• **SOURCE DATA**:
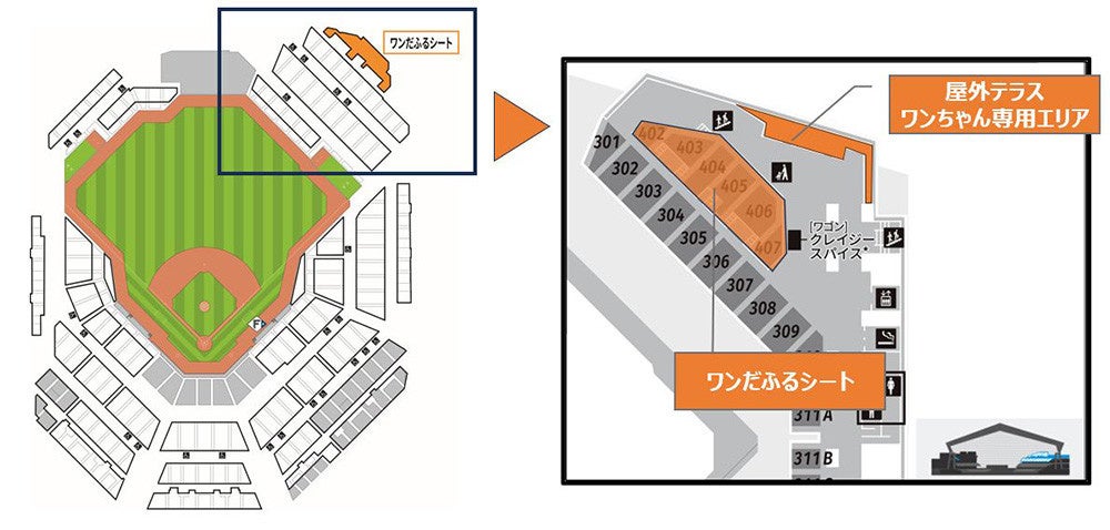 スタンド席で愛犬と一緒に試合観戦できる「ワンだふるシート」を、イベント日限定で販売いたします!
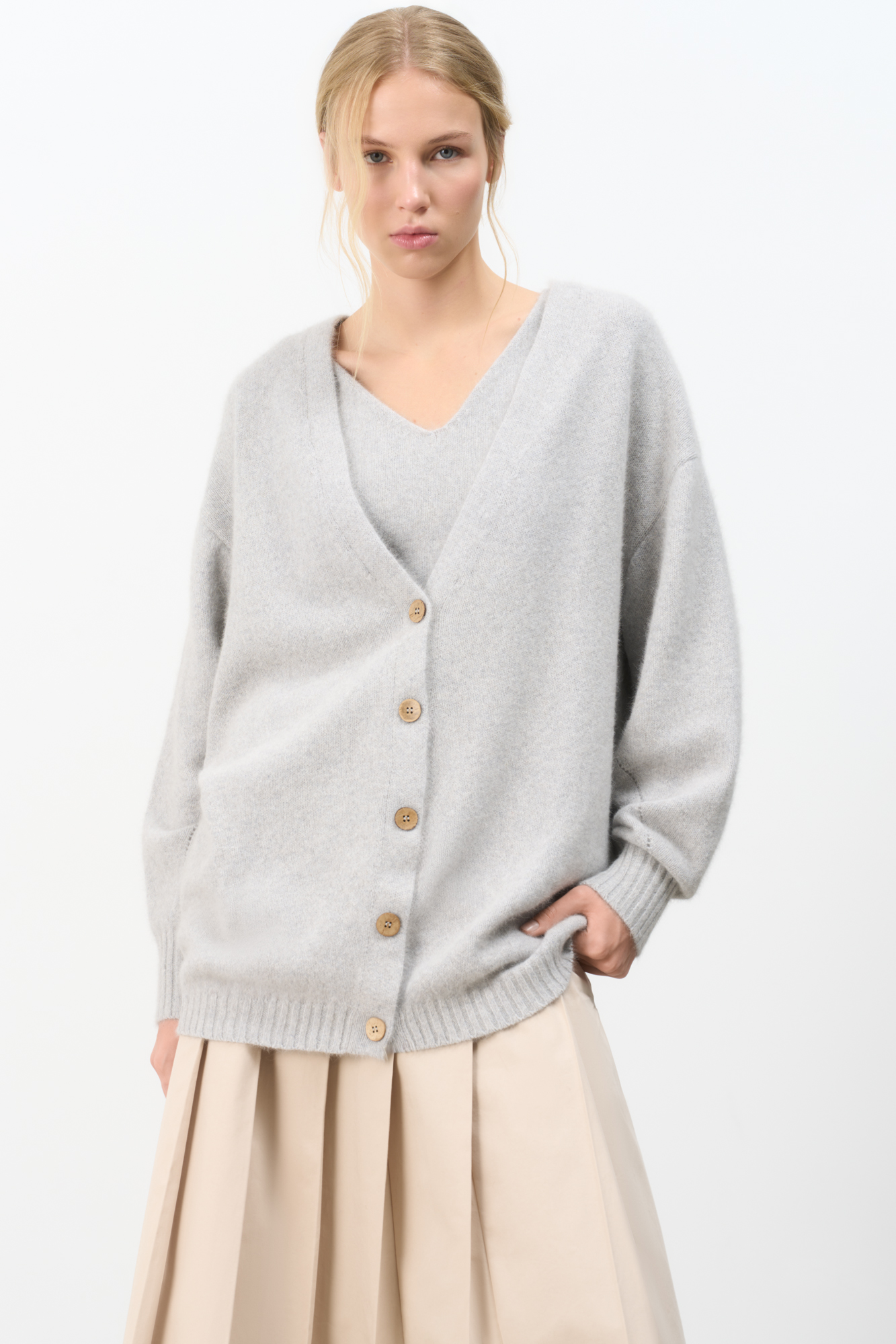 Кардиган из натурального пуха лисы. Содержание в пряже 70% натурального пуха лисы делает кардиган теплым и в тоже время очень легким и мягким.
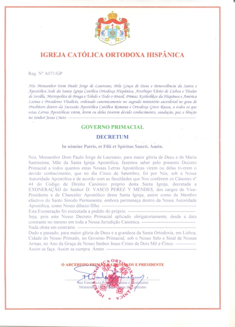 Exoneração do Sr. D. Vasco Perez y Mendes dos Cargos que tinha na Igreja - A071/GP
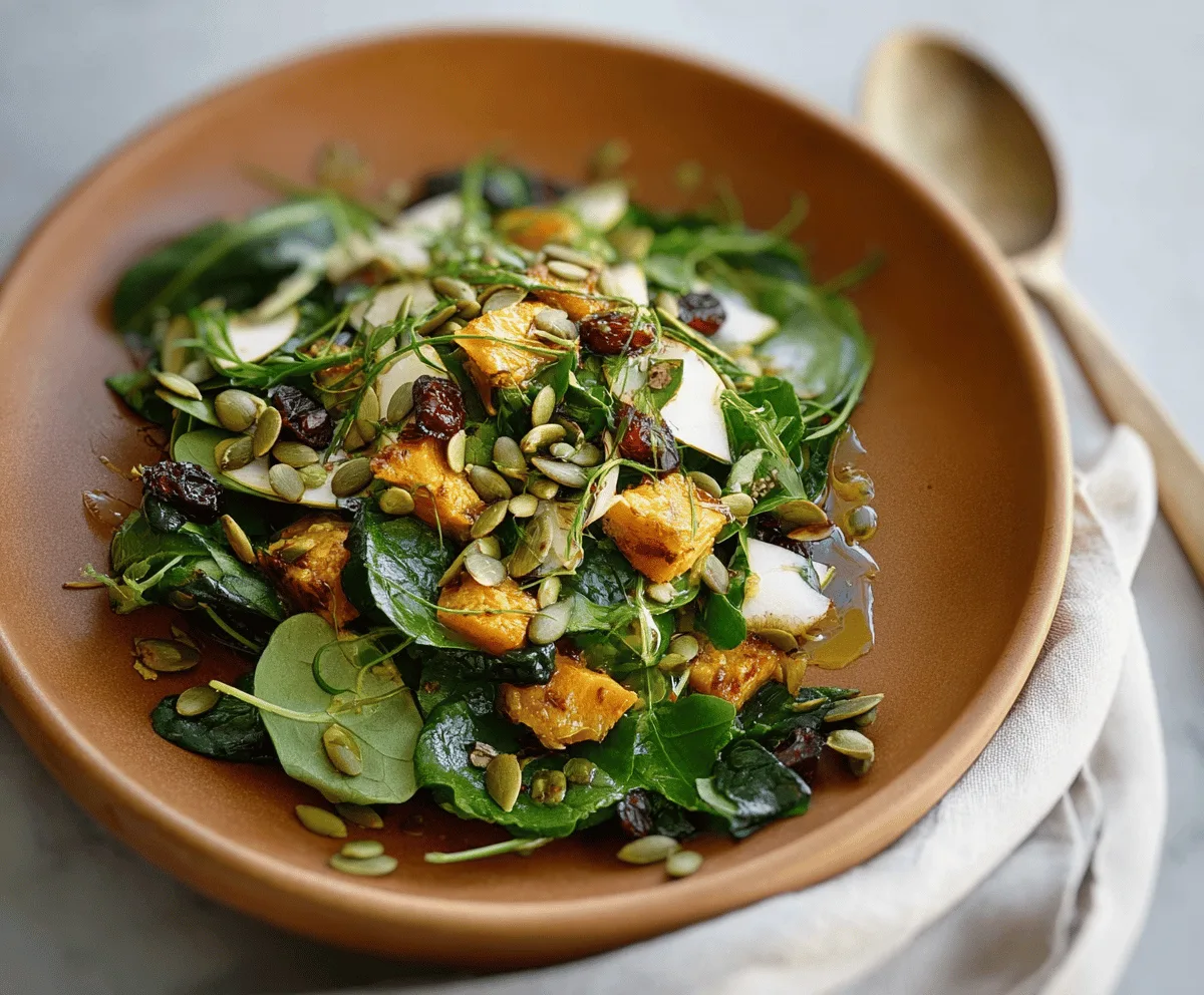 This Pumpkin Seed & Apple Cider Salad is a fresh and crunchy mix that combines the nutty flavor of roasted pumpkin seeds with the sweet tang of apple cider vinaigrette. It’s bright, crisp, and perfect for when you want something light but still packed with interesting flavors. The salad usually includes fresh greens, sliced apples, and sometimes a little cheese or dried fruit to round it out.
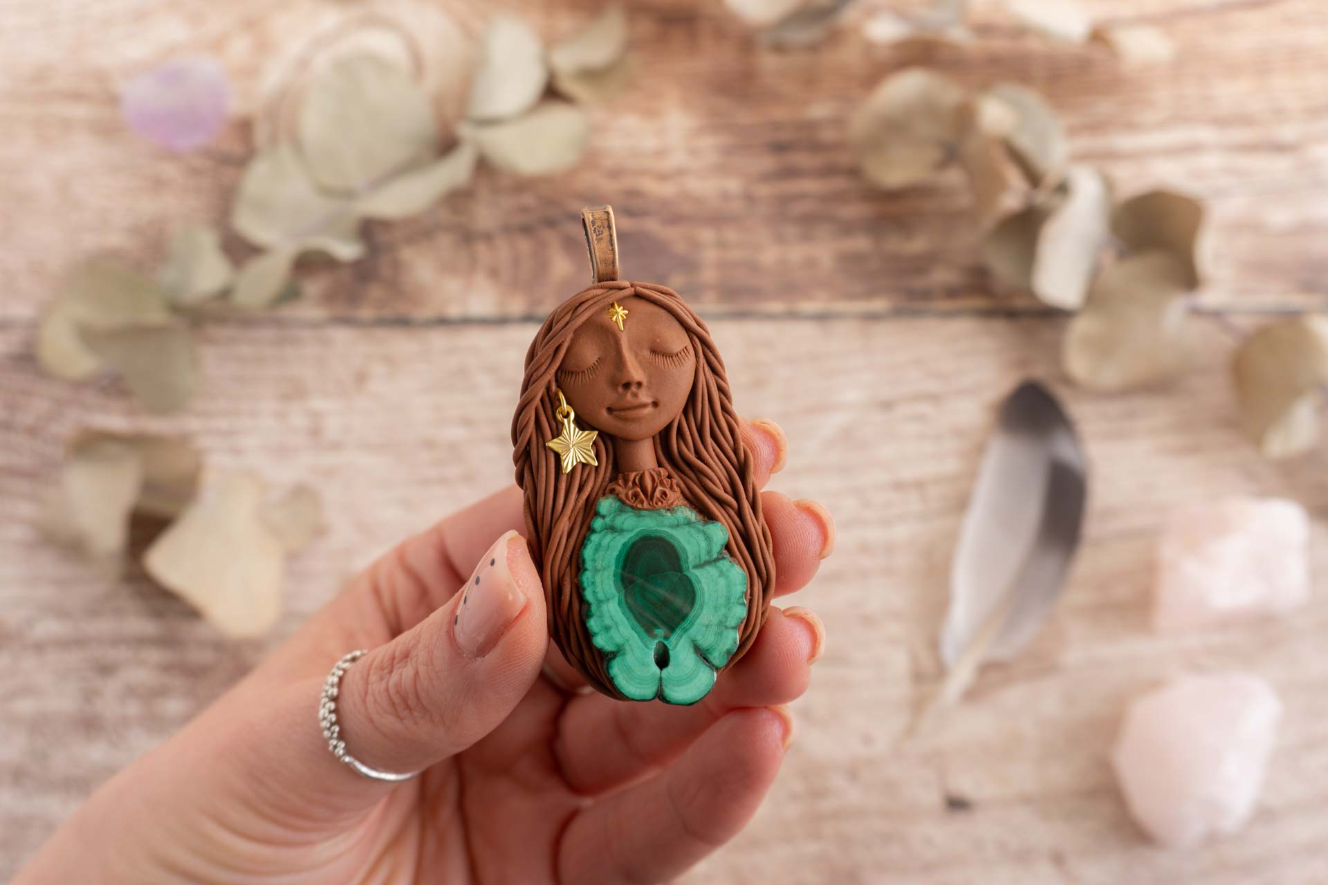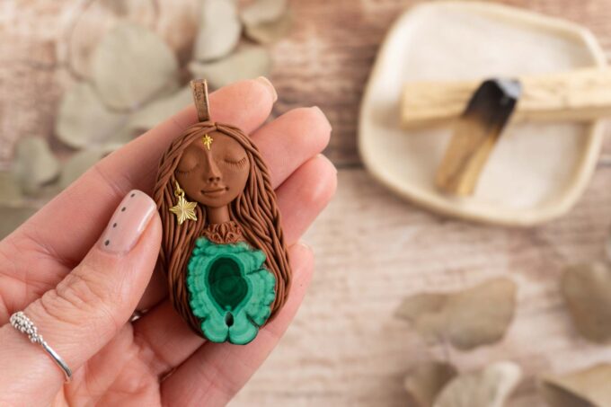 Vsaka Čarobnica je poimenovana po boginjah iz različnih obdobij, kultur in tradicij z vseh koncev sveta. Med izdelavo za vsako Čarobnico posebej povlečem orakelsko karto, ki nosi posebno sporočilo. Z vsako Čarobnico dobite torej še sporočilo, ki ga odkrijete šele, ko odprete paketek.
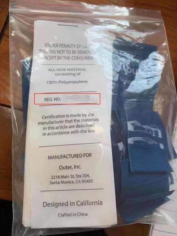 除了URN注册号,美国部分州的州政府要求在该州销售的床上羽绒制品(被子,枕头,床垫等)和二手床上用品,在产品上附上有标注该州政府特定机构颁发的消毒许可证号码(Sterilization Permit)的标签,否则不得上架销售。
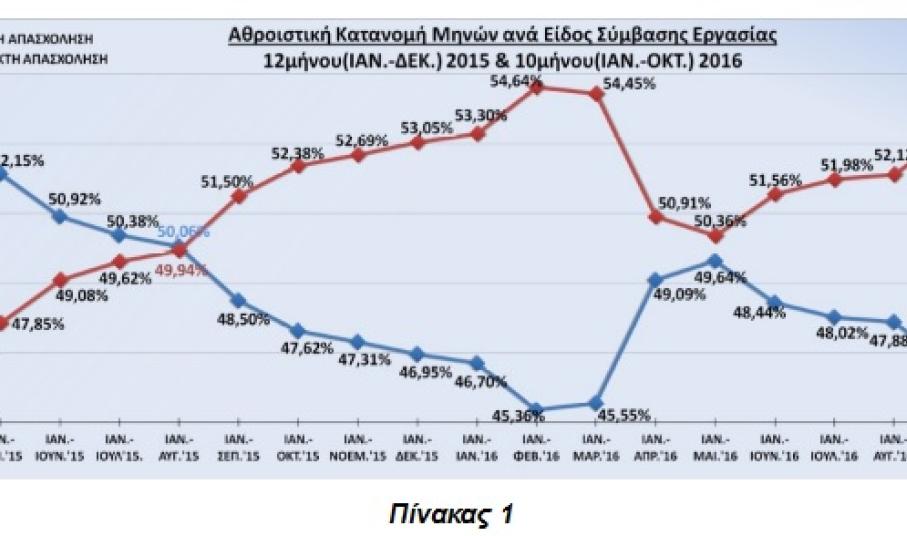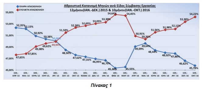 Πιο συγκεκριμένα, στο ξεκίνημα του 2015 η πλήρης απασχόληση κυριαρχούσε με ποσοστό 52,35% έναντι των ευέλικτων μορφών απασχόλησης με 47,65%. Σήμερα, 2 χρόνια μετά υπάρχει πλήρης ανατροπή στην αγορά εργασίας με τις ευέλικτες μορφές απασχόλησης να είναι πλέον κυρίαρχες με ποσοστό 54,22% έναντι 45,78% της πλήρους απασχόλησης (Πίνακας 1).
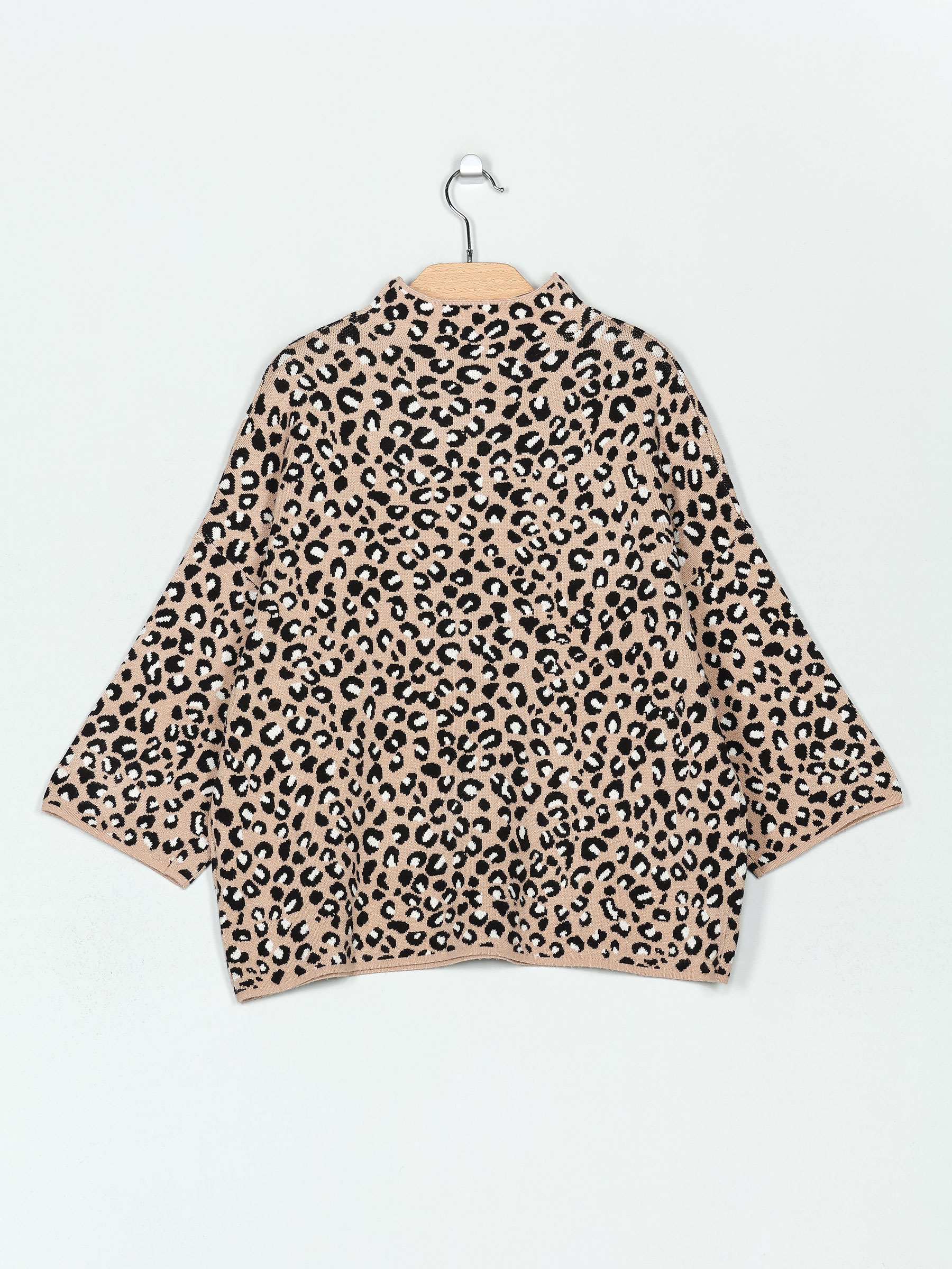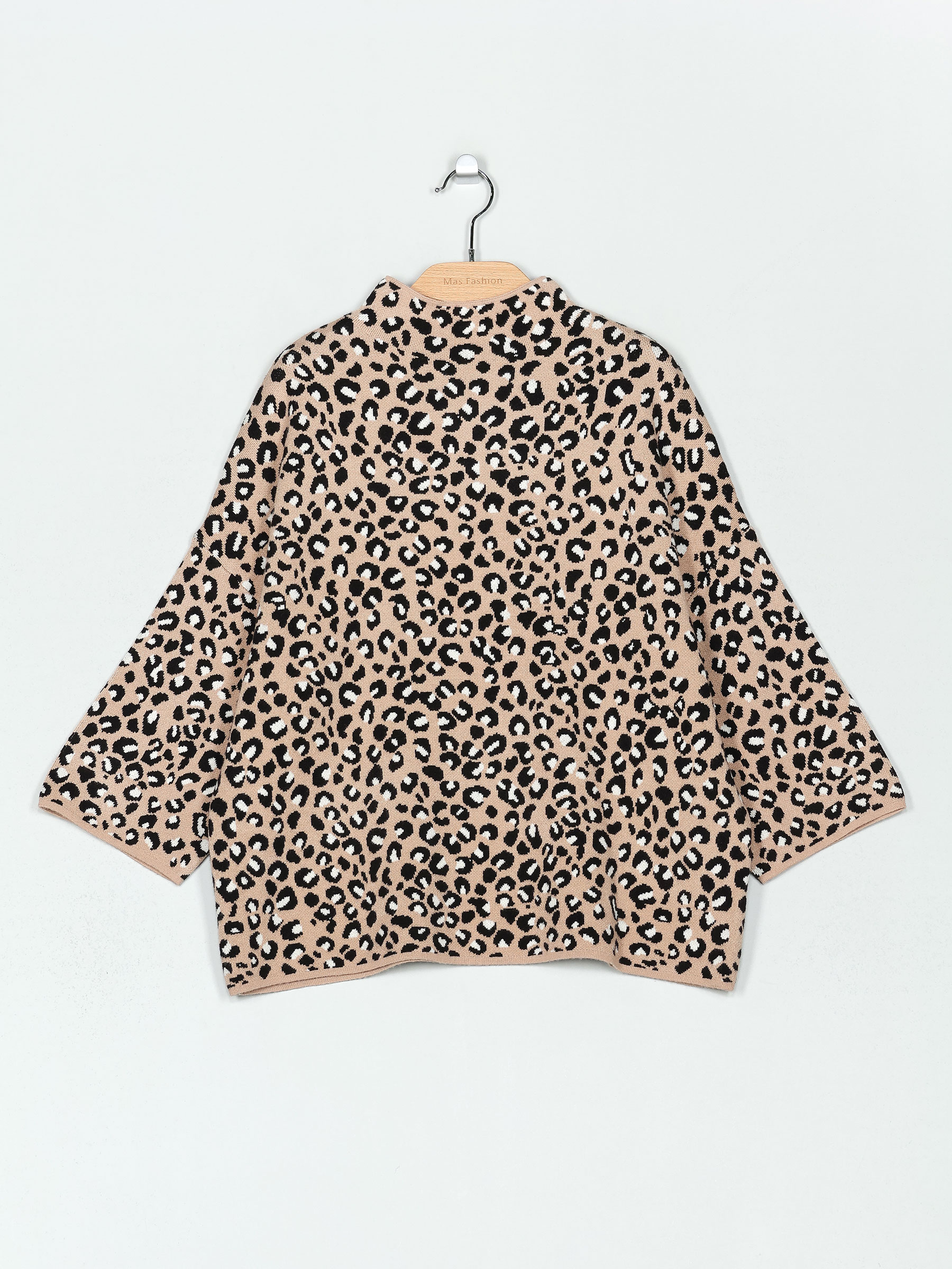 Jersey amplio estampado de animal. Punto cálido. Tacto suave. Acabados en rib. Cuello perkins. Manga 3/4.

• **WHAT YOU WILL DO**: Retype the data in full. Images do not go in the copy.

• **EXERCISE ANSWER**:
 スタンド席で愛犬と一緒に試合観戦できる「ワンだふるシート」を、イベント日限定で販売いたします!
 Кардиган из натурального пуха лисы. Содержание в пряже 70% натурального пуха лисы делает кардиган теплым и в тоже время очень легким и мягким.
 Exoneração do Sr. D. Vasco Perez y Mendes dos Cargos que tinha na Igreja - A071/GP
 This Pumpkin Seed & Apple Cider Salad is a fresh and crunchy mix that combines the nutty flavor of roasted pumpkin seeds with the sweet tang of apple cider vinaigrette. It’s bright, crisp, and perfect for when you want something light but still packed with interesting flavors. The salad usually includes fresh greens, sliced apples, and sometimes a little cheese or dried fruit to round it out.
 Vsaka Čarobnica je poimenovana po boginjah iz različnih obdobij, kultur in tradicij z vseh koncev sveta. Med izdelavo za vsako Čarobnico posebej povlečem orakelsko karto, ki nosi posebno sporočilo. Z vsako Čarobnico dobite torej še sporočilo, ki ga odkrijete šele, ko odprete paketek.
 除了URN注册号,美国部分州的州政府要求在该州销售的床上羽绒制品(被子,枕头,床垫等)和二手床上用品,在产品上附上有标注该州政府特定机构颁发的消毒许可证号码(Sterilization Permit)的标签,否则不得上架销售。
 Πιο συγκεκριμένα, στο ξεκίνημα του 2015 η πλήρης απασχόληση κυριαρχούσε με ποσοστό 52,35% έναντι των ευέλικτων μορφών απασχόλησης με 47,65%. Σήμερα, 2 χρόνια μετά υπάρχει πλήρης ανατροπή στην αγορά εργασίας με τις ευέλικτες μορφές απασχόλησης να είναι πλέον κυρίαρχες με ποσοστό 54,22% έναντι 45,78% της πλήρους απασχόλησης (Πίνακας 1).
 Jersey amplio estampado de animal. Punto cálido. Tacto suave. Acabados en rib. Cuello perkins. Manga 3/4.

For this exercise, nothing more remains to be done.